We’ve come a long way since Bugs Bunny missed his left turn at Albuquerque. Thanks to in-dash navigation systems, portable GPS units and even smartphones, driving to an unknown destination is easier than ever. I can’t remember the last time I fumbled with a map or stopped to ask for directions, but until recently, I didn’t really know how the technology behind GPS actually works.
When most people say “GPS”, they’re referring to an electronic device that will get them from point A to B. However, GPS actually stands for the Global Positioning System, which is a network of 27 satellites that constantly orbit the Earth. Three of the satellites are backups in case a satellite fails, but at any given time, 24 active satellites make up the Global Positioning System.

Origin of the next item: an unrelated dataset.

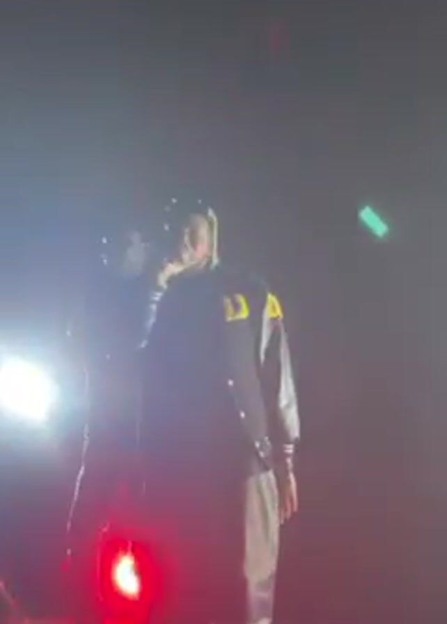 Sure, here is a description of the video: The video shows a man singing onstage at a concert. The man is wearing a black jacket with a yellow letter on it, grey pants, and sneakers. He is holding a microphone and rapping. There are other people standing beside him. Lights flash on the stage. The overall visibility is very dark. The floor appears to be a stage. The man is performing for an audience.

Thanks to in-dash navigation systems, portable GPS units and even smartphones, driving to an unknown destination is easier than ever.
About 12,000 miles above us, each satellite orbits Earth twice daily. Their paths are organized so that at any time, at any location on Earth, at least four satellites are visible to GPS-enabled devices.
A GPS receiver – such as your car’s navigation system or smartphone – locates the satellites and calculates your distance from each one. To hone in on your exact location, a GPS receiver needs to be able to locate at least three satellites in the sky and calculate your exact distance from each satellite.
The way the whole system works is fairly complex, but if you distill it down to the basics, your GPS receiver and the satellites both generate an identical random code at the exact same time. When the satellites’ code reaches your receiver, it will lag behind the receiver’s code because it had to travel from space. Your GPS receiver uses that delay to figure out how far away it is from the satellite.
While your navigation system can judge its distance from the satellites using radio waves, it still needs to know their exact location in the sky in order to effectively locate you and provide directions. Since each satellite orbits the Earth twice daily in a predetermined pattern, GPS receivers simply store an almanac that tells them where each satellite is positioned at any given time.
While gravitational pull from the sun and moon can vary the satellites’ orbits slightly, the Department of Defense tracks these changes and transmits any adjustments through the radio waves generated by the satellites. When the waves hit your GPS receiver, the data is updated to keep your location accurate.
Since each satellite orbits the Earth twice daily in a predetermined pattern, GPS receivers simply store an almanac that tells them where each satellite is positioned at any given time.
At this point, your GPS receiver knows your position on the globe, and displays it on maps that are stored in its memory. In addition to showing your location on a map, most GPS receivers can also provide additional information because they maintain communication with the satellites overhead. Typically, this can include the distance your vehicle has traveled, your current speed and your estimated time of arrival at the destination you’ve entered.
A tremendous amount of thought went into our Global Positioning System which helps countless motorists who are off to new, unknown destinations.